■ **Provided data**:

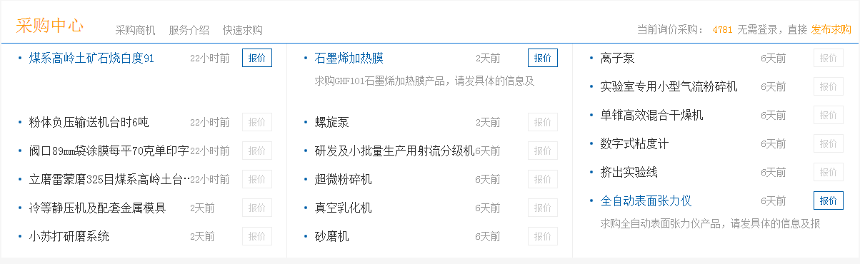 粉体展特推出采购中心栏目,作为设备采购方,无需登录,直接发布求购需求;没有收费,您的采购需求直接面向厂家;实时发布,面向本网5万+入驻厂家;您的优质求购内容更会第一时间被推送到与之匹配的相关厂商,简单高效、富有效率。
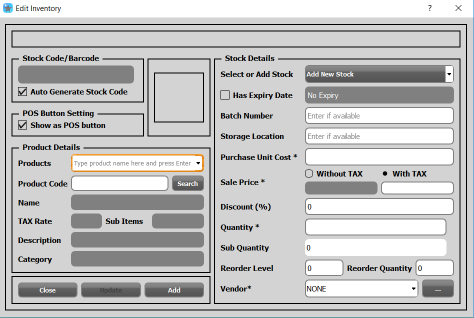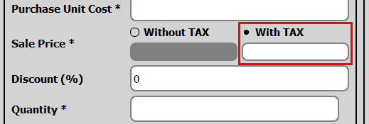 Sale Price: Sales price field has two radio boxes, without Tax and with Tax. This allows entering the sale price with or without sales tax, and system will calculate the other price automatically. You would have to click on the respective radio box (with or without TAX) in order to enable the sale price field underneath.
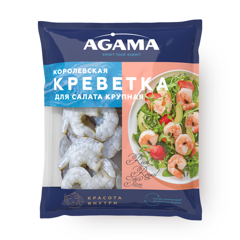 Креветки королевские Agama очищенные крупные для салата свежемороженые
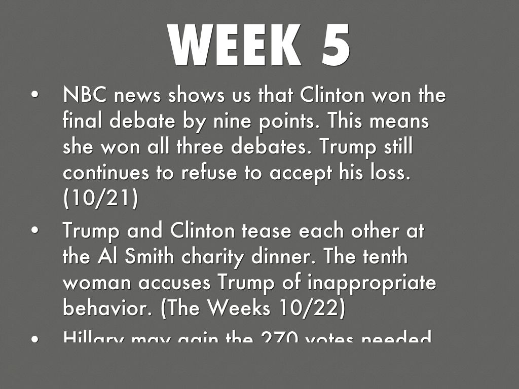 • NBC news shows us that Clinton won the final debate by nine points. This means she won all three debates. Trump still continues to refuse to accept his loss. (10/21)

■ **Task instructions**:
The listing must be repeated word for word, and none of its pictures may appear in the copy.

■ **Result of the exercise**:
 粉体展特推出采购中心栏目,作为设备采购方,无需登录,直接发布求购需求;没有收费,您的采购需求直接面向厂家;实时发布,面向本网5万+入驻厂家;您的优质求购内容更会第一时间被推送到与之匹配的相关厂商,简单高效、富有效率。
 Sale Price: Sales price field has two radio boxes, without Tax and with Tax. This allows entering the sale price with or without sales tax, and system will calculate the other price automatically. You would have to click on the respective radio box (with or without TAX) in order to enable the sale price field underneath.
 Креветки королевские Agama очищенные крупные для салата свежемороженые
 • NBC news shows us that Clinton won the final debate by nine points. This means she won all three debates. Trump still continues to refuse to accept his loss. (10/21)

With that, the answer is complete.